Current executable set to '/tmp/a.out' (x86_64).
(lldb) br s -n main -N worker
Breakpoint 1: where = a.out`main, address = 0x0000000100000ec0
(lldb) br del worker
1 breakpoints deleted; 0 breakpoint locations disabled.
(lldb) br li
No breakpoints currently set.
(lldb)

Thanks for all the feedback. I'll report back once I've addressed all your suggestions.

Thanks again...

hintonda updated this revision to Diff 120308.Oct 25 2017, 1:59 PM

Reimplement at a python module.

hintonda retitled this revision from Add new script to launch lldb and set breakpoints for diagnostics all diagnostics seen. to New lldb python module for adding diagnostic breakpoints.Oct 25 2017, 2:08 PM
hintonda edited the summary of this revision. (Show Details)

Looks good. A little bit of cleanup. Let me know what you think of the comments.

utils/clangdiag.py
17

I would rather just do:

import subprocess

Then later use:

subprocess.check_output(...)

It makes the code easier to read.

20

Remove? See inlined comment for line 92

21

I would avoid making this a global. It will keep the target alive since it has a strong reference count to the underlying lldb_private::Target.

52

Get the target from the frame instead of grabbing it from a global:

target = frame.thread.process.target

or without the shortcuts:

target = frame.GetThread().GetProcess().GetTarget()
66

Always grab the target and don't store it in a global. so just remove this line

75–78

Allow "diagtool" to be set from an option maybe? This would require the options to be passed into this function as an argument. If it doesn't get set, then modify the options to contain this default value? Then this error message can just complain about the actual path:

print('diagtool "%s" doesn't exist' % diagtool)
80

Add name to breakpoint? See inlined comment at line 92

87

remove and use:

target = debugger.GetSelectedTarget()
91–92

Another way to do this would be to give the breakpoints you create using "target.BreakpointCreateXXX" to have a name when you create them:

bp = target.BreakpointCreateByName('DiagnosticsEngine::Report')
bp.AddName("llvm::Diagnostic")

Then here you can iterate over all breakpoints in the target:

for bp in target.breakpoint_iter():
  if bp.MatchesName("llvm::Diagnostic"):
    target.BreakpointDelete(bp.GetID())

Then you don't need a global list?

Thanks for the quick feedback. I'll make all you suggested changes, but need to think a little more about diagtool.

utils/clangdiag.py
75–78

The problem is that diagtool contains a map of DiagID -> DiagEnums, and must be in sync. I wasn't sure how else to enforce the version you were using was built at the same time as the code you're trying to debug.

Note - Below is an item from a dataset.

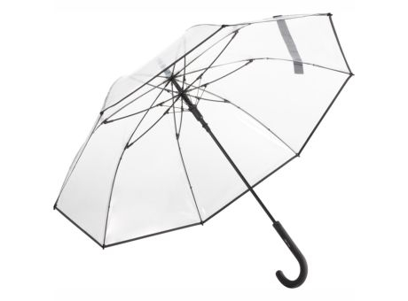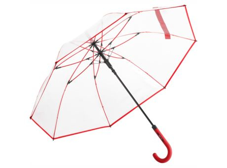 Ansprechender Automatik-Stockschirm mit transparentem Bezug und farbigen Details. Komfortable Automatik-Funktion zum schnellen Öffnen, hochwertiges Windproof-PLUS-System für eine maximale Gestell-Flexibilität bei stärkeren Windböen, flexible Fiberglasschienen, farblich aufeinander abgestimmte Design-Elemente, handsympathischer Soft-Touch-Rundhakengriff mit integrierter Auslösetaste und Werbeanbringungsmöglichkeit, höherer Korrosionsschutz durch schwarze Galvanisierung des Stahlstocks

I can add the option, but then you might get bogus output.

jingham requested changes to this revision.Oct 25 2017, 2:32 PM

Use the form of the command that gets an SBExecutionContext, then you can avoid having to cache the target at all.

utils/clangdiag.py
98–100

If you use the form of the command function that takes an execution context:

def command_function(debugger, command, exe_ctx, result, internal_dict):

then you can grab the target from there when the command gets invoked and pass it to your enable & disable funcs. That way you won't have to rely on GetSelectedTarget. That's important, for instance, if you were running a debug session with two targets and you wanted to invoke your command in a breakpoint command of a breakpoint in target A. There's no guarantee when target A hits the breakpoint that A is the currently selected target (it won't get selected till it actually decides to stop.) But when the breakpoint runs its command, it sets the right target, & thread in the execution context that gets passed in.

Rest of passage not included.